RECORDED INFORMATION ::
☆ ☆ ☆ ☆
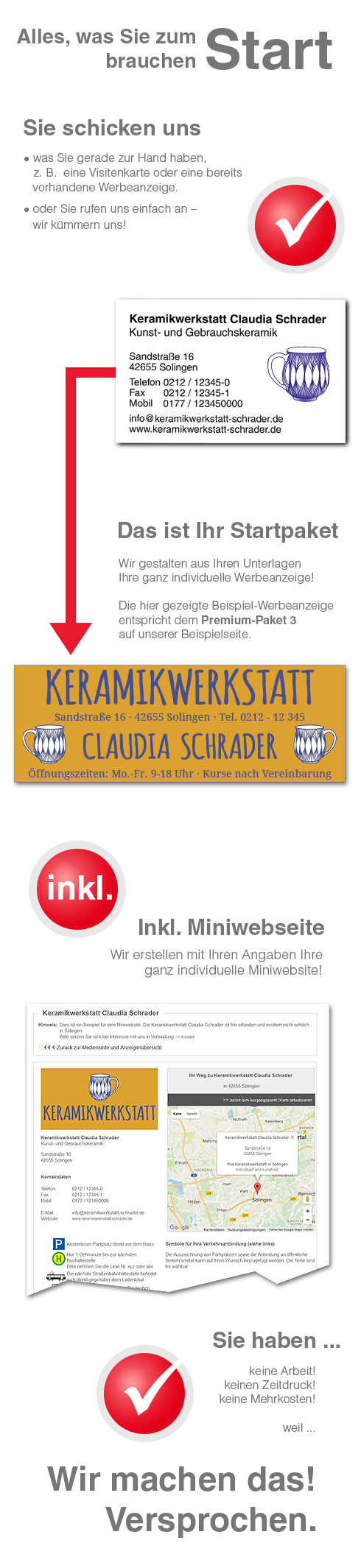 Unser Angebot beinhaltet eine Präsentation mit Ihrer individuell gestalteten Anzeige (z. B. Premium-Paket 3):
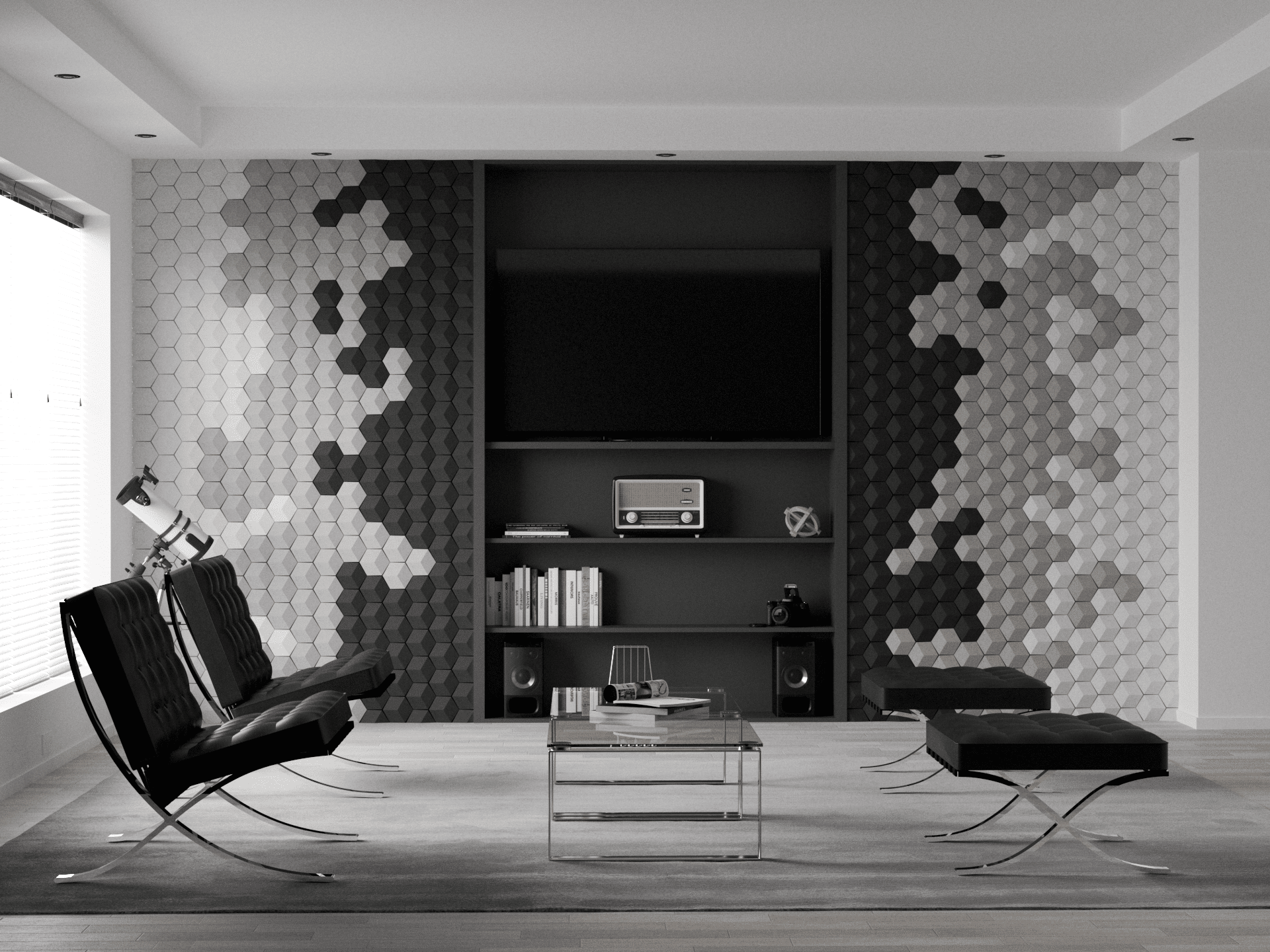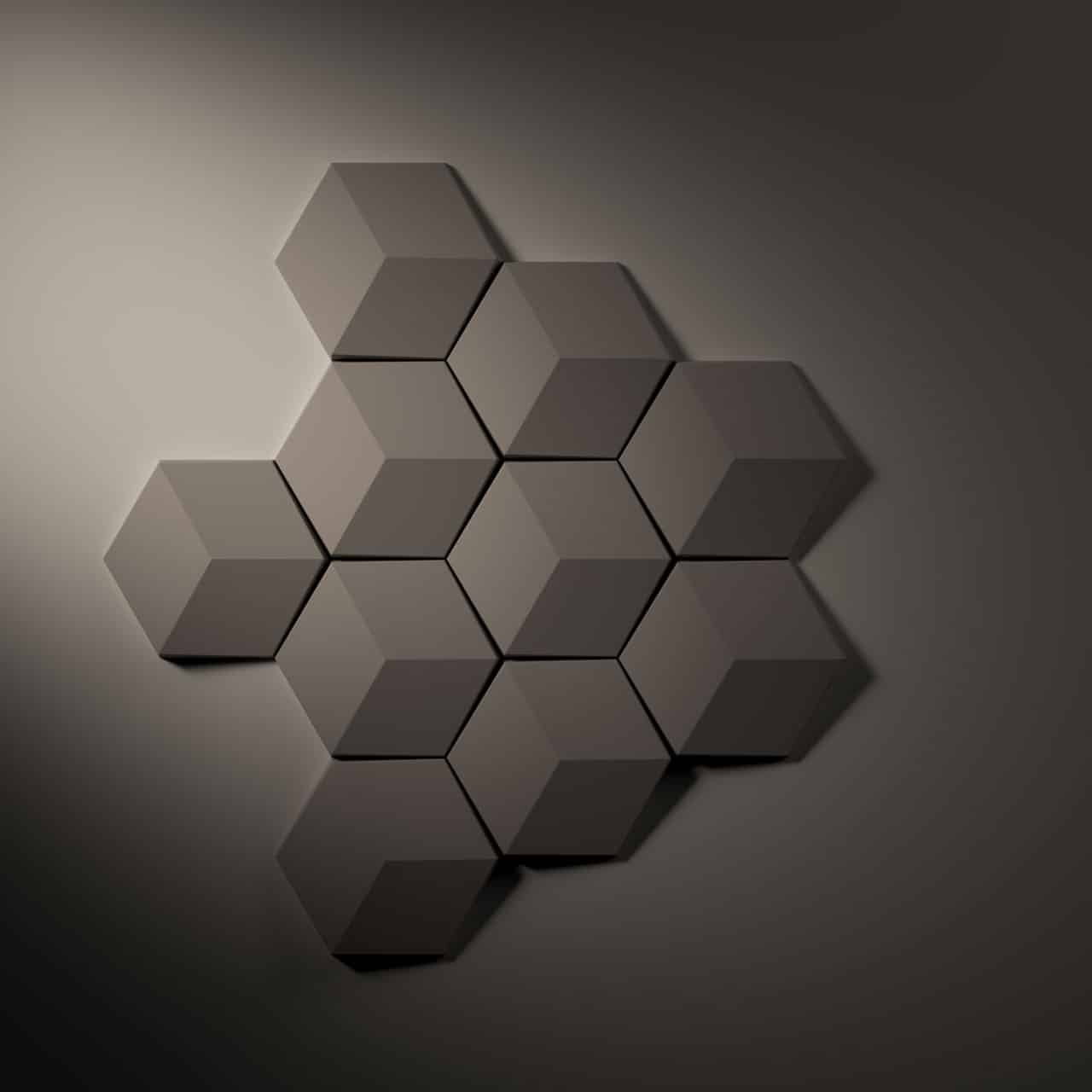 Una forma hexagonal, Píxel, juega con los relieves que asemejan a un cubo y permite diferentes acomodos en interiores y exteriores.
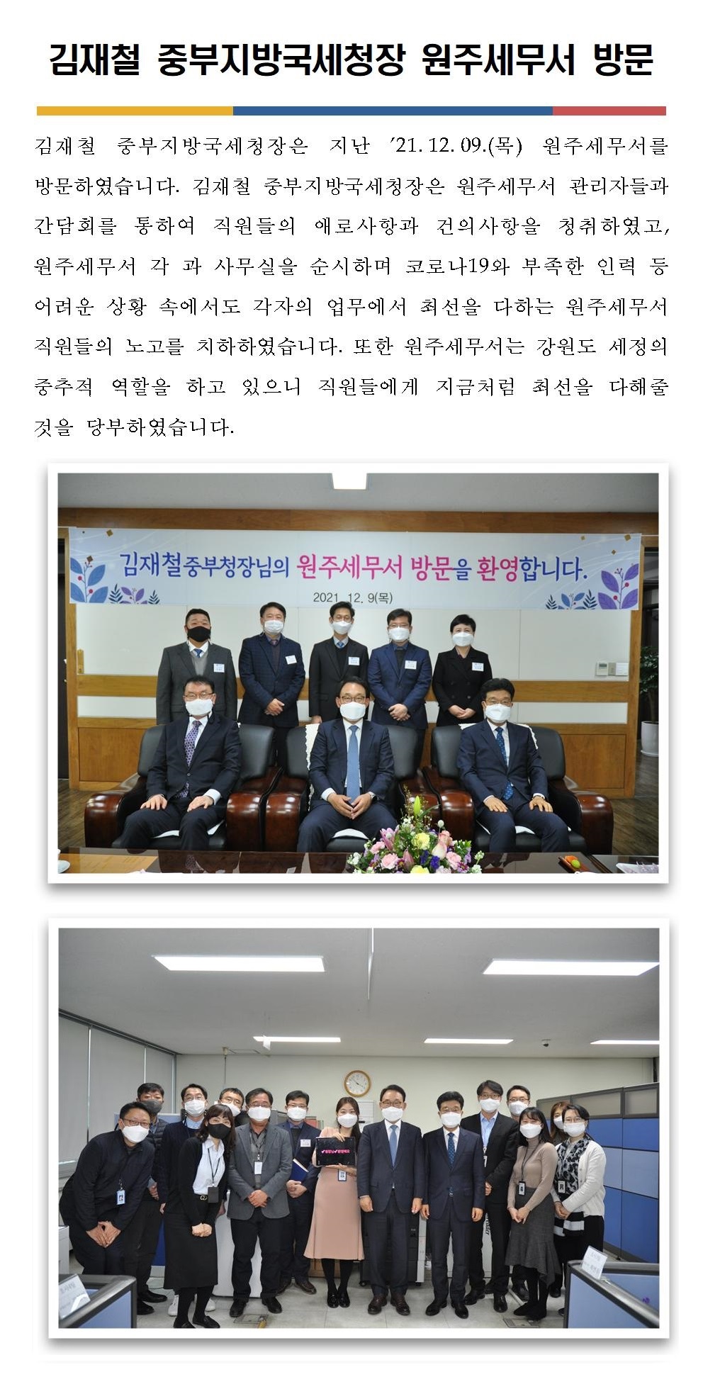 김재철 중부지방국세청장은 지난 ’21.12.09.(목) 원주세무서를 방문하였습니다.
☆ ☆ ☆ ☆
WHAT YOU WILL DO ::
Exact reproduction is required. Output only the lines from the one with "Una forma hexagonal, Píxel, juega" through the end of the listing above, both ends included, and no pictures.

RESULT OF THE EXERCISE ::
 Una forma hexagonal, Píxel, juega con los relieves que asemejan a un cubo y permite diferentes acomodos en interiores y exteriores.
 김재철 중부지방국세청장은 지난 ’21.12.09.(목) 원주세무서를 방문하였습니다.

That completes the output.